[WHAT YOU HAVE TO DO]: Take nothing but the lines from the one with "Team Cook Provides" through the one with "サイテックは、地域や社会の安" in the entries below, both ends kept, and return them exactly with pictures left out.

[GIVEN INFORMATION]:
────────────────────

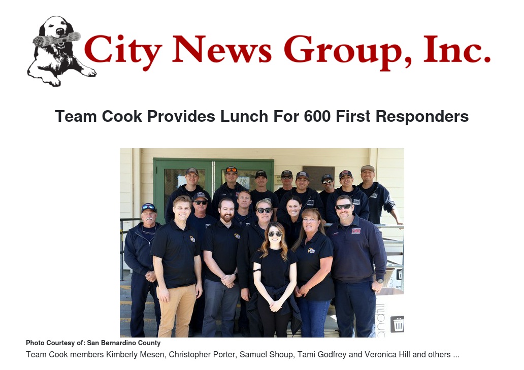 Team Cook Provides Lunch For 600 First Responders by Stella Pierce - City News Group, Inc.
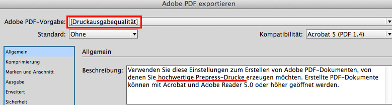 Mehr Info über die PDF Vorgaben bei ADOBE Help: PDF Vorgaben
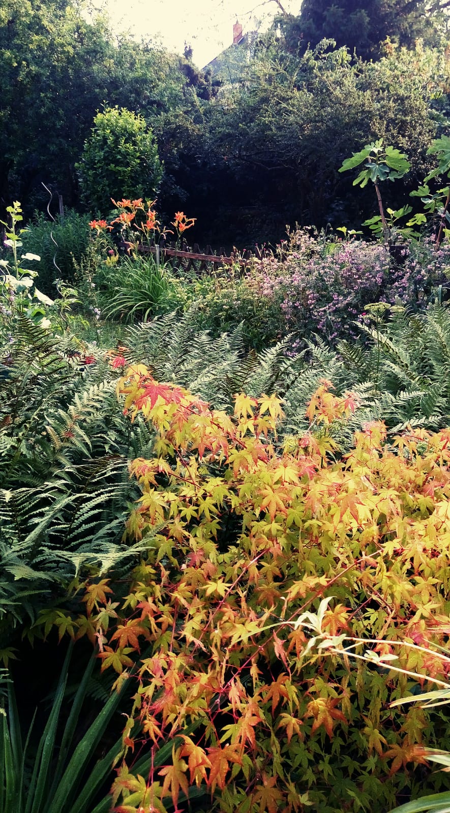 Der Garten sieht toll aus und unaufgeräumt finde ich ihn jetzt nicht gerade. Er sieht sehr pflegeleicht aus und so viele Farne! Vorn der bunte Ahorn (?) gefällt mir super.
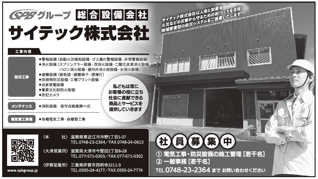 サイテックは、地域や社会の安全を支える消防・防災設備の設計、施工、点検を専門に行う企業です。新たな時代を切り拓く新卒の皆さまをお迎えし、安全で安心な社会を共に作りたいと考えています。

────────────────────

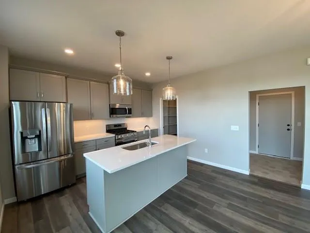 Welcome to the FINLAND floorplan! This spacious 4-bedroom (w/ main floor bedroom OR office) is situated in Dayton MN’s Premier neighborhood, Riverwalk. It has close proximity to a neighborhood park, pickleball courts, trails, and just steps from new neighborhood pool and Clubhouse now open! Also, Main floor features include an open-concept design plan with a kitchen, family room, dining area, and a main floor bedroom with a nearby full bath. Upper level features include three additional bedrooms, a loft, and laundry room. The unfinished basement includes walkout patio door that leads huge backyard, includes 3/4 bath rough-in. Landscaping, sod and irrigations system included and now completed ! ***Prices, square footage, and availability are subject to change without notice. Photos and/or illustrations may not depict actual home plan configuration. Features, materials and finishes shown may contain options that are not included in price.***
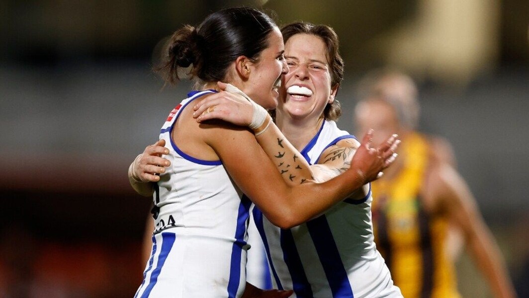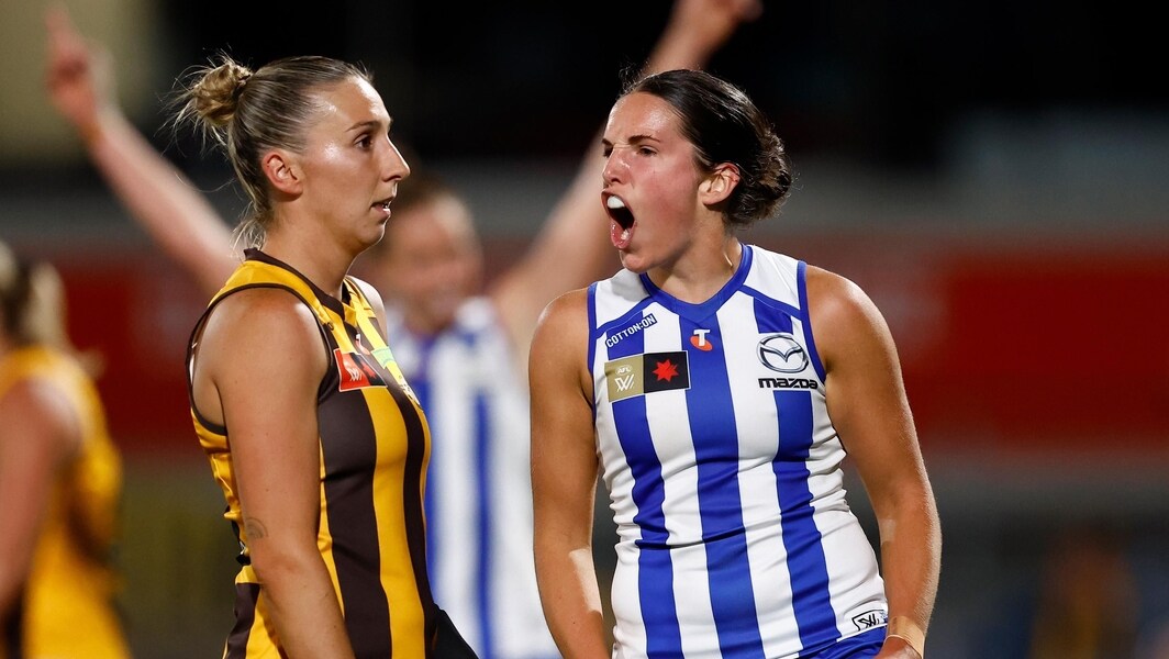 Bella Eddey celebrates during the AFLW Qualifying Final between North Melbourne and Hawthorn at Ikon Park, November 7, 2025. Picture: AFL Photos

────────────────────

[EXERCISE OUTPUT]:
 Team Cook Provides Lunch For 600 First Responders by Stella Pierce - City News Group, Inc.
 Mehr Info über die PDF Vorgaben bei ADOBE Help: PDF Vorgaben
 Der Garten sieht toll aus und unaufgeräumt finde ich ihn jetzt nicht gerade. Er sieht sehr pflegeleicht aus und so viele Farne! Vorn der bunte Ahorn (?) gefällt mir super.
 サイテックは、地域や社会の安全を支える消防・防災設備の設計、施工、点検を専門に行う企業です。新たな時代を切り拓く新卒の皆さまをお迎えし、安全で安心な社会を共に作りたいと考えています。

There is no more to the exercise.